Tümüyle düşman elinden kurtulan Türkiye’nin bütünlüğü eylemli olarak gerçekleşmişti. Artık yeni Türkiye Devleti’nin başkentini yasayla saptamak gerekiyordu. Bütün görüşler, yeni Türkiye’nin başkentinin Anadolu’da ve Ankara şehrinin seçilmesi gerektiği yolundaydı.

Coğrafya ve strateji durumu en kesin önemi taşıyordu. Devletin başkentini bir an önce saptayarak, iç ve dış kararsızlıklara son vermek zorunluydu. Gerçekten de başkentin İstanbul olarak kalacağı ya da Ankara’ya taşınacağı sorunu üzerinde öteden beri içeride ve dışarıda kararsızlıklar görülüyor; basında demeçlere ve tartışmalara rastlanıyordu. Bu arada, kimi yeni İstanbul milletvekilleri, İstanbul’un payıtaht (padişahın tahtının bulunduğu yer) olarak kalması gereğini, birtakım örneklere dayanarak kanıtlamaya çalışıyorlardı. Bu sözlere dikkat edilirse, bizim başkent teriminden çıkardığımız anlamla payıtaht terimini kullananların görüşleri arasında bir ayrım görmemek elden gelmez. Bundan dolayı, başkent seçiminde daha önceden verilmiş kararımızı resmî olarak ve yasayla da saptayarak böylece payıtaht teriminin yeni Türkiye Devleti’nde anlam ve yeri kalmadığını göstermek gerekti.

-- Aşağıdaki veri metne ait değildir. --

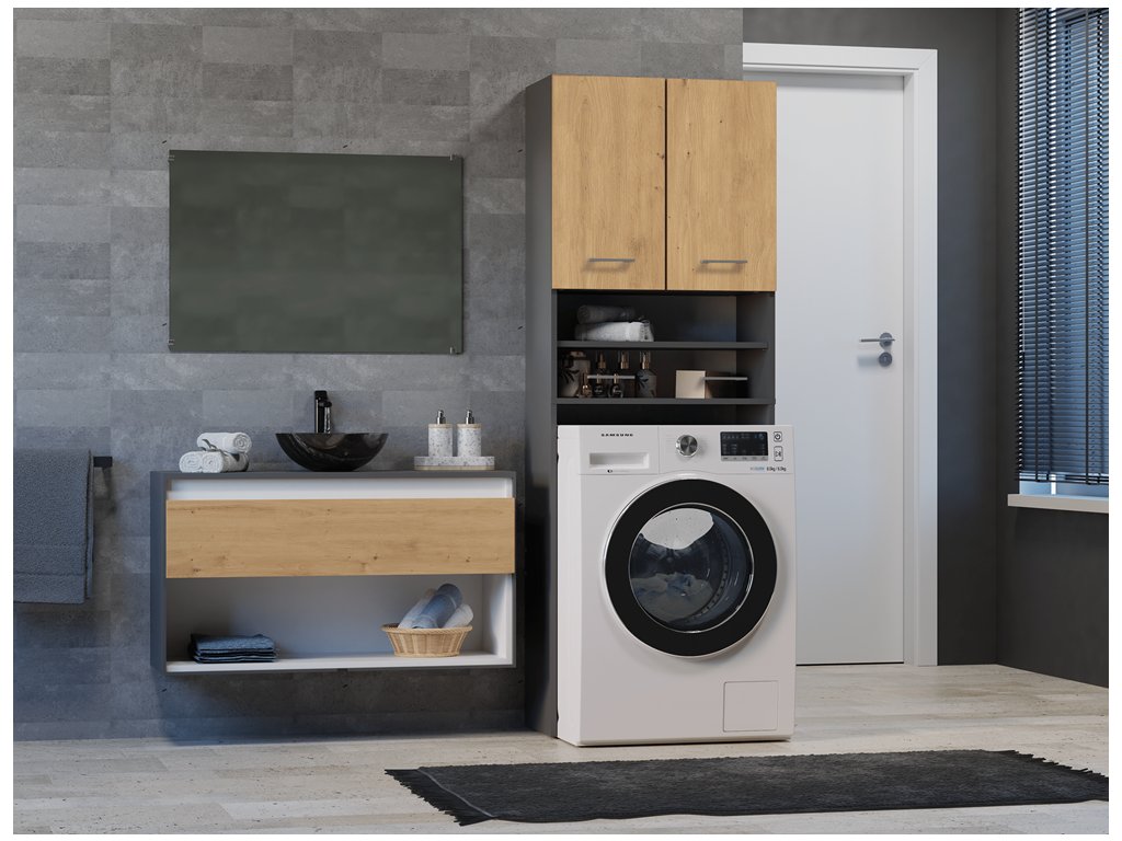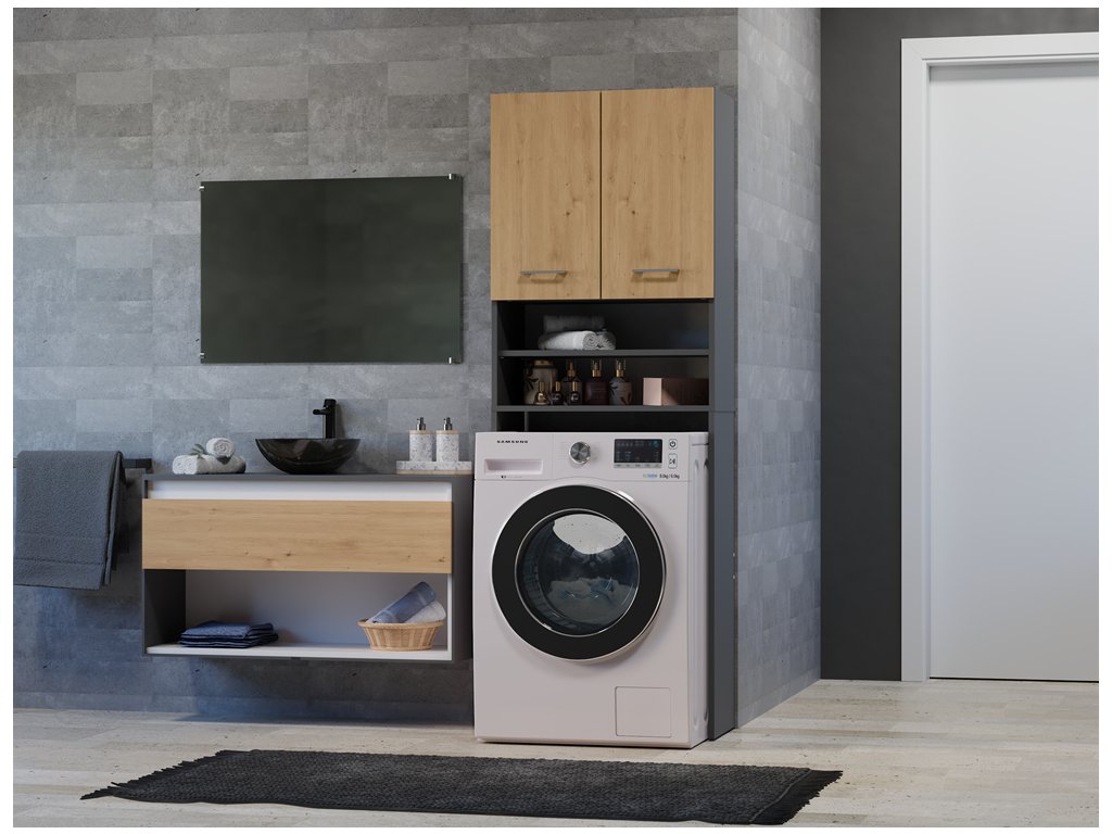 Vysoká skříňka nad pračku POLA DK antracit/dub artisan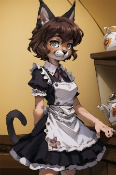 masterpiece, best quality, furry cat girl,kid,maid,brown hair,caracalcat,caracal,ningmao, <lora:Migunov2:1>  <lora:Caracal:0.6>

Dışişleri Bakanı İsmet Paşa, 9 Ekim 1923 günlü bir maddelik yasa önerisini Meclise verdi. Altında daha on dört kadar kişinin imzası olan bu yasa önerisi, 13 Ekim 1923 günü uzun görüşme ve tartışmalardan sonra, pek büyük bir çoğunlukla kabul edildi. Yasa maddesi şudur: “Türkiye Devleti’nin başkenti, Ankara şehridir.” (Söylev, s. 131-132.)

BMM binasından bir görünüm (1920)

Başkentin belirlenmesinden sonra, sıra yeni Türk Devleti’nin adının konulmasına gelmişti. Kurtuluş Savaşı sırasında kurulan Türk Devleti’nin adı resmen konulmamıştı. 23 Nisan 1920 tarihinden beri görev yapan hükûmet, Büyük Millet Meclisi Hükûmeti adını taşıyordu. TBMM’nin başkanı aynı zamanda hükûmetin de başkanıydı. 1923 yılının Ekim ayının sonlarına doğru TBMM Hükûmeti istifa ederek görevden ayrıldı.

Bakanların anayasaya göre Meclis tarafından tek tek seçilmesi, yeni hükûmetin bu şekilde kurulması ve Lozan Barış Antlaşması’nın onaylanması, öncelikle ele alınan konular arasındaydı. Ancak yeni yapılan seçimlerle oluşan Mecliste bu şekilde hükûmet kurmak zorlaşmıştı.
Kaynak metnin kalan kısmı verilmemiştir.